Therefore, in the present work, a drug delivery system was designed for continuous and long-term subcutaneous infusion with lower physical size and weight for comfort in use. Furthermore, less fabrication complexity for higher availability, non-mechanical part for lower risk of failure, lower driving voltage, and power consumption, and no reaction production in order not to change the therapeutic properties of the drug solution should be considered.

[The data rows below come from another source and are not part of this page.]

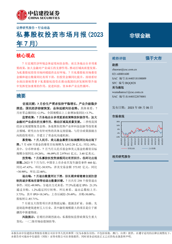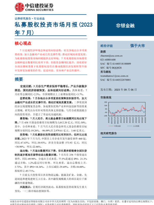 【中信建投证券】【20230906】非银金融行业:私募股权投资市场月报(2023年7月)-21页
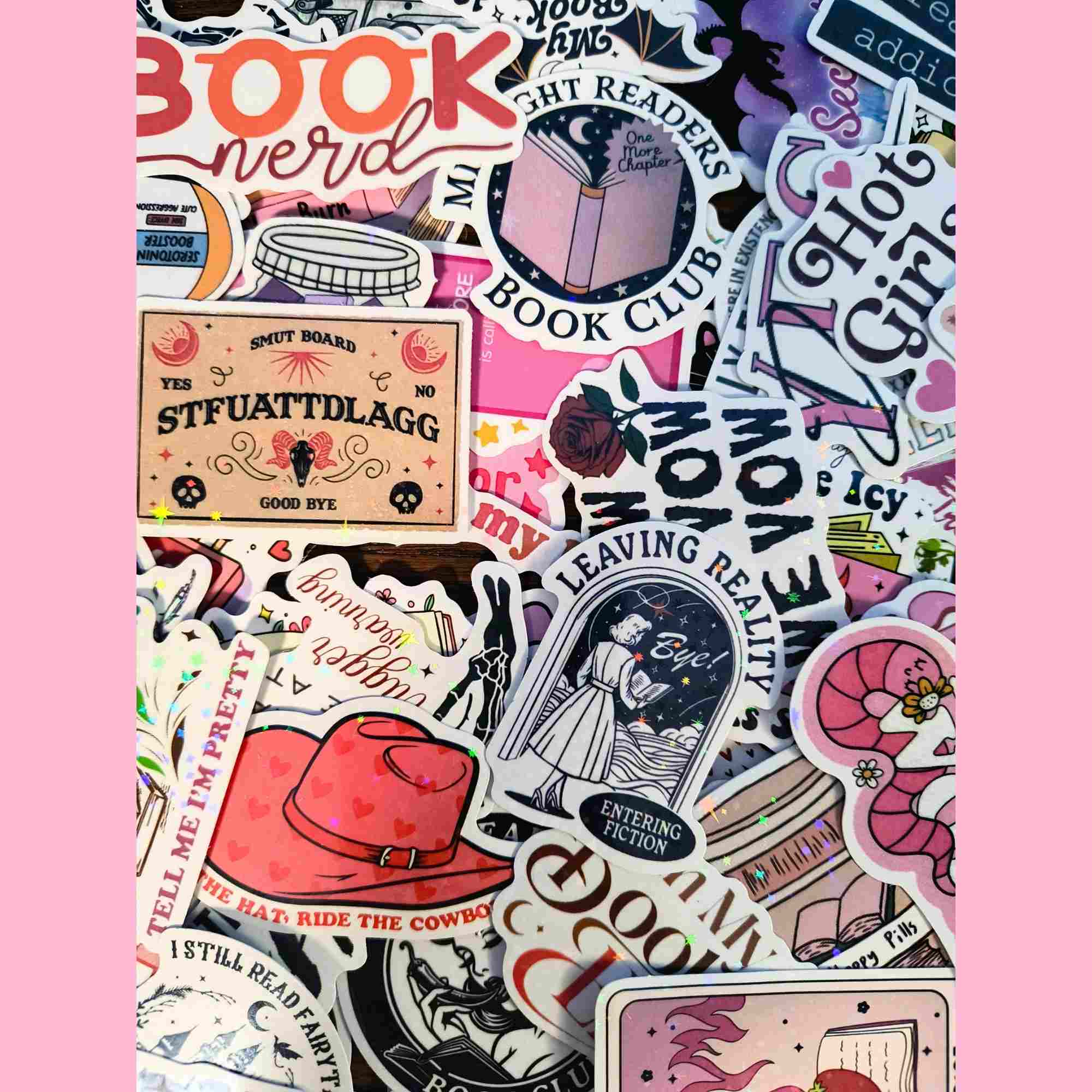 Surprise yourself with 10 randomly selected bookish stickers from our vibrant collection of book lover designs! Each pack is a delightful mystery, perfect for readers who love to decorate their favorite items with literary flair.
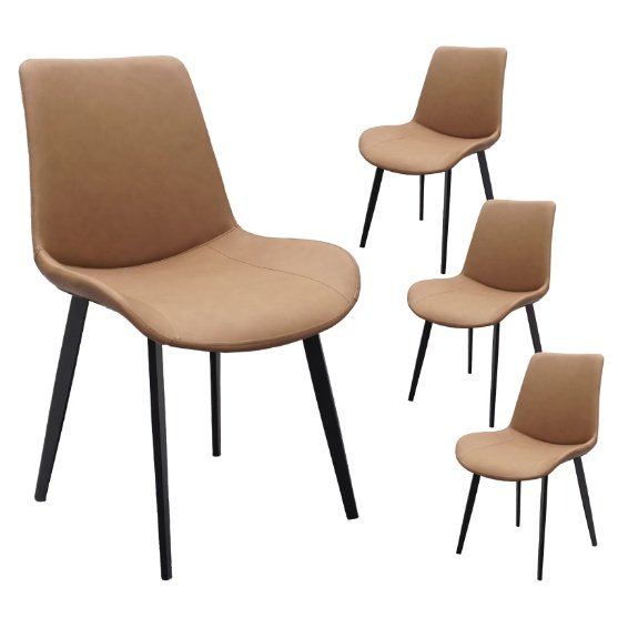 Product name: Brown PU Leather Dining Chair with Metal Legs, Modern Upholstered Chair Set of 4 for Kitchen, Restaurant, Living, Meeting Room
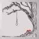 Illustration av en hangmans snara som bara hänger på från träd med röda svampar vid basen av träd.

As MHD micropump has a non-mechanical actuation method, then it has some advantages compared to mechanical actuation pumps such as continuous flow forces, simple fabrication process, better reliability and lifetime, low operating failure, and less susceptibility to clogging. Therefore, MHD actuation method is considered for micropump of the drug delivery system. However, bubble generation due to electrolysis of saline solution is one of the major problems in such micropumps.
2. Objectives
This study presents new MHD micropumps for deferoxamine infusion taking into account drawbacks of conventional MHD micropumps such as bubble generation, high weight, and large size.
3. Methods
3.1. Problem Statement
The daily dose required for subcutaneous infusion is about 20 - 40 mg per kilogram of patient weight (maximum five vials), which should be injected at least 8 to 24 hours, five to seven nights a week. It should be noted that the more dilute the solution and the longer the infusion, the greater the effect of the drug on the patient. However, with the conventional infusion pumps, usually five to six times a week for less than eight hours of infusion is performed due to the difficulty that the conventional device imposes on the patient. The present work aims to design and fabricate a drug delivery system that has the ability to store and release a saline solution with a particular infusion rate throughout the day and night. The infusion time is considered to be about 24 hours, and different skin hydraulic resistance is taken into account for an infusion rate of 15 to 25 microliters per minute.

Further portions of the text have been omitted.